Samen bouwtekening maken
De IT architectuur voor de lange termijn is bijvoorbeeld een onderwerp waar opdrachtgevers en opdrachtnemers nauwelijks over praten, zo constateren de deelnemers. “Wel op portfolioniveau - hoeveel geld en ruimte moeten we reserveren - maar niet ‘Waar bouw je aan en wat betekent dat voor je organisatie?’”, zegt Ditte Hak, DG Toeslagen bij het ministerie van Financiën.
“We koppelen architectuur altijd aan ICT”, vult Nathalie van Berkel, lid van de Raad van Bestuur van UWV en voorzitter van het Netwerk van Publieke Dienstverleners aan, “maar het gaat ook over je beleidsmatige architectuur. Hoe maak je daar samen de bouwtekening voor? Daar praten we eigenlijk nooit over.”
Gelijkwaardig gesprek
Wat is daar dan voor nodig? “Het helpt als we uit dat frame stappen van opdrachtgever en opdrachtnemer”, stelt Nathalie van Berkel. “Het idee van een serieel proces is achterhaald.”
Carsten Herstel (DG Sociale zekerheid en Integratie bij het ministerie van SZW) ziet vooral ook de meerwaarde van de eigenaar in de driehoek. ”Het is belangrijk dat er iemand let op de interactie tussen opdrachtgever en opdrachtnemer. Wat gebeurt daar? Iemand die op de lange termijn let.” Kees van der Burg: “Iemand die zegt: ‘Hé jullie praten helemaal niet met elkaar. Dat is ook een rol van de eigenaar, om dat te constateren.”
Opdrachtgever ‘opvoeden’
Het is vaak de opdrachtnemer die de opdrachtgever ‘opvoedt’, zo constateren een aantal opdrachtgevers aan tafel. Guido Landheer, waarnemend DG Agro bij het Ministerie van LNV: “RVO is op een gegeven moment meer gaan ‘terugbouncen’ en neemt geen nieuw werk meer aan zonder budget. Ze wijzen ons bijvoorbeeld op regelingen die te weinig gebruikt worden.” Landheer ziet eigenlijk 2 bewegingen: beleid en uitvoering die naar elkaar toe groeien en afstand houden.
“Bij nieuwe regelingen werken we samen in implementatie-units. Maar bij toezicht, zoals NVWA, houden we juist afstand, om de onafhankelijkheid van toezicht te borgen.”
‘Next step’ in samenwerking
Van Berkel ziet dit niet als opvoeden van de opdrachtgever, maar als ‘next step’ in een volwaardige samenwerking. “Je mag verwachten dat we als opdrachtnemer aangeven of we een nieuwe opdracht kunnen aannemen en welke randvoorwaarden nodig zijn. Daarbij moet je samen de puzzel leggen, met als uitgangspunt dat je snapt dat iets moet. Nauw met elkaar samenwerken, nadrukkelijk elk vanuit een eigen verantwoordelijkheid en expertise. Voor de lange termijn is dat oneindig ingewikkeld en zijn we daar nog helemaal niet aan toe. En daar moeten we denk ik snel beter in worden.”
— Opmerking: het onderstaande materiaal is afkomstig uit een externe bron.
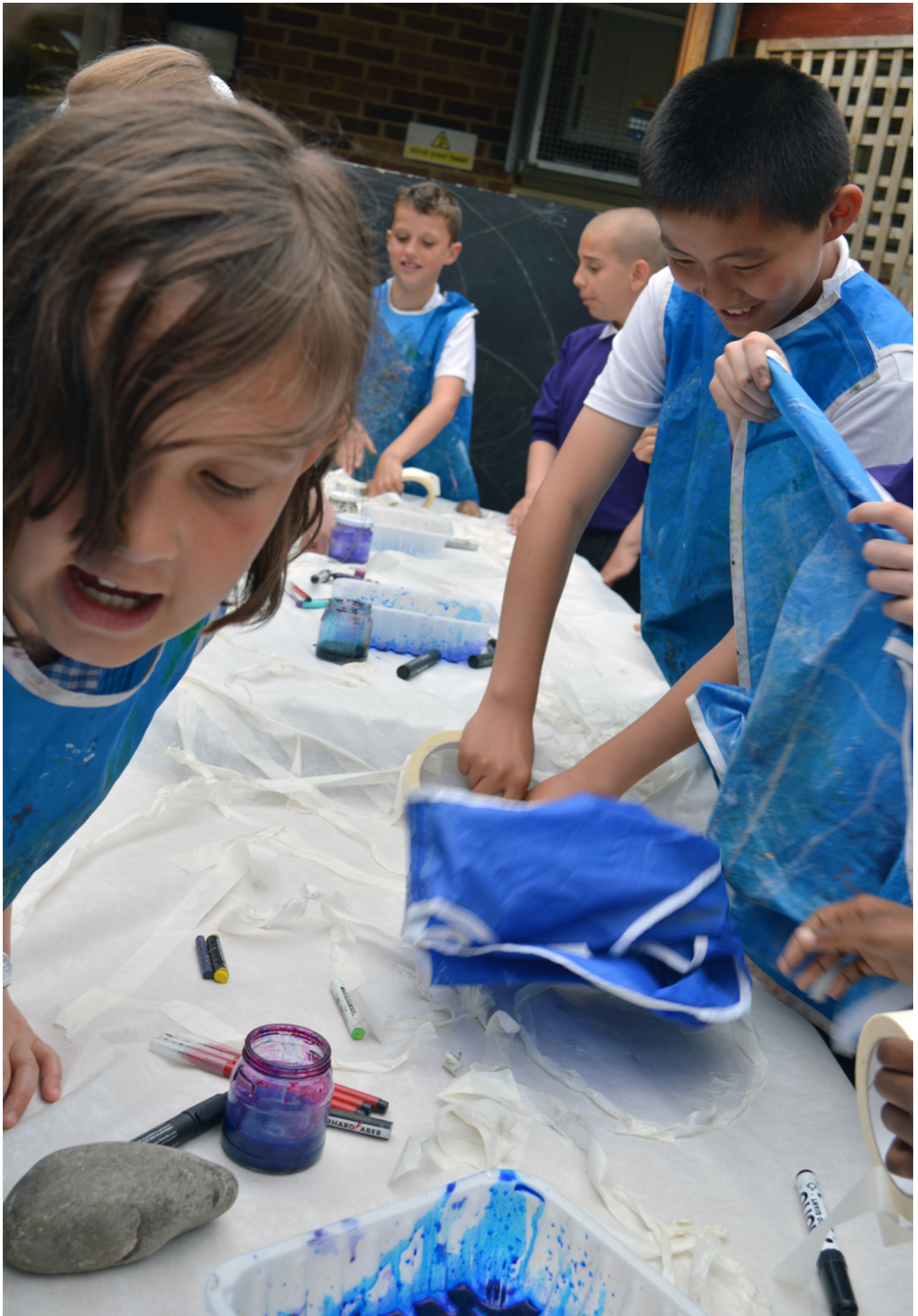
Initially children worked with masking tape, sticking long

Welke concrete stappen kunnen we samen zetten?
“Het zou gewoner moeten worden om in publieke dienstverlening - op verschillende niveaus - de vraag te beantwoorden wat we belangrijk vinden over 5 jaar”, stelt Nathalie van Berkel. Dan moeten we dat concreet organiseren, luidt de gezamenlijk conclusie. Gerichter vragen stellen over knelpunten in de uitvoering in plaats van ‘waar wil je strategisch aan werken’.
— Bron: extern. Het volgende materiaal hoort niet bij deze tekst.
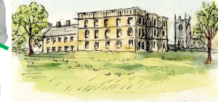
The Old Hall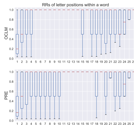
Figure 3: Reciprocal Ranks of letter positions within words ( n=1 )

their approaches are. In order to explore more deeply, we attempted to examine the internal behavior within each word in the test set. In Figure 3 the Reciprocal Ranks (RR), are presented for each letter position within a word. The OCLM algorithm demonstrates has higher RR (than PreLM) earlier in the word (position 5 vs. position 11) which is maintained for a longer period of time (10 positions in a row vs 7). Arguably, it is desired that the algorithm would predict correctly as early as possible, as its impact is on greater number of words (there are more words with 5 letters than with 10) and, a longer duration of high RR contributes to more accurate predictions as well. An analogous analysis of perplexity found a similar pattern of lower perplexity at earlier positions, together with similar duration, and a similar performance profile in OCLM vs PreLM.

“Hiervoor gerichte momenten creëren helpt enorm”, stelt Carsten Herstel. “Bijvoorbeeld door eens per jaar in een werkconferentie met elkaar het doel te bekijken. Dan heb je een hele concrete actie, die dwingt tot het stellen van goede vragen over de lange termijn die Nathalie terecht op tafel legt.”
“Samen kijken naar de systemische vraagstukken achter de knelpuntenbrieven en standen van de uitvoering. En daarop politieke besluitvorming vragen”, luidt een van de conclusies aan tafel. “Er zijn ook vaak raakvlakken met andere organisaties, die dan niet aan tafel zitten. Om alle organisaties aan tafel te hebben als je die vraagstukken bespreekt, dàt vind ik wel de uitdaging”, geeft Ditte Hak aan.“
Jasper Wesseling, DG Fiscale Zaken bij het ministerie van Financiën beaamt dat er nog veel meer van dit soort vragen zijn die door meerdere uitvoerders en door meerdere departementen moeten worden opgepakt. “Daar moeten we echt iets aan doen. Dat is iets wat nu een probleem is en in de toekomst alleen nog maar een groter probleem kan worden.”
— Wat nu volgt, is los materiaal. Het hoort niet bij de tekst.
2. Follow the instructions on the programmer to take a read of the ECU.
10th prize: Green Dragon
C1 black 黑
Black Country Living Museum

Christa Klijn, Programma DG Werk aan Uitvoering wijst op de winst die we als overheid kunnen behalen, door meer aandacht te hebben voor die systemische vraagstukken. Nathalie van Berkel vult aan: “Het is een samenspel tussen verschillende partijen binnen de overheid en dat maakt het ingewikkeld. Als we op de korte termijn voortgang willen zien, moeten we weten waar we op de lange termijn naartoe willen en welke keuzes daarvoor nodig zijn.”
Schaarste dwingt tot keuzes
Krapte op de arbeidsmarkt en de noodzaak tot besparen dwingen ook tot nadenken over de lange termijn. “Anders gaan we van het ene incident naar het andere”, stelt Christa Klijn. “We moeten met elkaar het gesprek aangaan over het bestaansrecht van wat we doen, wat heeft toegevoegde waarde en wat niet?”
Kortom, schaarste in budget en mensen maken dat we keuzes móeten maken in de uitvoering. “Dat vraagt een goede samenwerking”, stelt Nathalie van Berkel. “Zo zijn er vast een paar grote, overkoepelende thema’s waar we elkaar als beleid en uitvoering voor nodig hebben. Dat hoeft niet tot in detail, maar als we daar eens goed een dag aan kunnen besteden...”
Jaap van Delden (waarnemend DG Langdurige Zorg, Ministerie van VWS) wijst tot slot op het belang van keuzes maken: “Ik ben er meer bezorgd over dat er geen keuzes worden gemaakt, dan dat er verkeerde keuzes worden gemaakt. Het inzichtelijk maken van de noodzaak van keuzes zou echt helpen. Het zou mooi zijn als we daar met het programma WaU voor zorgen.”